Свекровь исстаралась: как только резцовый возок встал у тёсаных воротищ боярских хором, хотя едва-едва рассветало, старуха подняла на ноги всю дворню. Как угорелые, носились мужики и бабы, топя жарко печи и баньку, творя пироги, носясь в закрома за тем или этим.

Припасливая Лидия еще вчерась гоняла ключников и стряпух на торжища столицы, те и тащили груздочки, лисички, боровики, да все свеженькие, да все ядрененькие. И где только нашли свежих грибков, Бог его знает.
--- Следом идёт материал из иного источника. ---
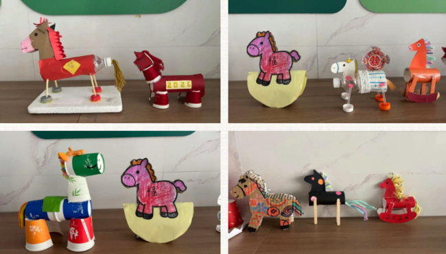 创意手工作品同样令人眼前一亮。废旧纸箱、瓶盖、彩纸等平凡物料,在学生们手中摇身一变,成为了形态各异的小马,或昂首奔腾,或悠然伫立,既践行了环保低碳的生活理念,更锻炼了动手实践与创新思维能力。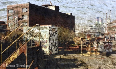 Shadows of the Past Image #18 In 2005, a friend directed me to Pier 70, which was being dismantled. He knew I would be interested in the area, even though it was not the kind of subject matter that usually appealed to me. I photographed that area for several years, and then I presented my work to the Port Commission. They put me on their mailing list and invited me to all the guided excursions to the fenced-off areas of Port 70. I had a box full of pictures of that area but never got around to trying to show the work, since it was not my usual "personal and intimate" subject matter. Recently I pulled out the box of Pier 70 pictures and decided to put them to use in some new way. I printed color transparencies of some of my nature images and layered them over the original Pier 70 pictures. I was amazed at how the layering transformed the original images. The added bit of nature (water, clouds, sky, grasses) gave the static pictures of decay a new life. I felt the pictures were in flux and changing before my eyes. We all hear a lot about climate change and how it is affecting everything and everyone. I had just finished reading The Sixth Extinction by Elizabeth Kolbert and felt my pictures were both shadows of the past and reflections of the present. Images are sequenced and printed into a book, Shadows of the Past. - Elena Sheehan

Да к грибкам снедь тащили возами: старуха встречала невестушку из плена-полона.

И какой только путник ни встречался им на дороге, всякому всё объясняли, полон, дескать, встречаем, полон. Старуха светилась светлою радостью, моталась по торжищу, выискивая, выбирая, брать драгоценные рытый бархат или золотный (рытый бархат – с тисненым рисунком, золотный шит золотыми нитками), и, махнув рукой, брала оба куска, только разного цвета. Рытый взяла червлёного цвета (красного), золотный, небесно-лазоревого, так подходящего к васильковым глазам драгоценной невестушки.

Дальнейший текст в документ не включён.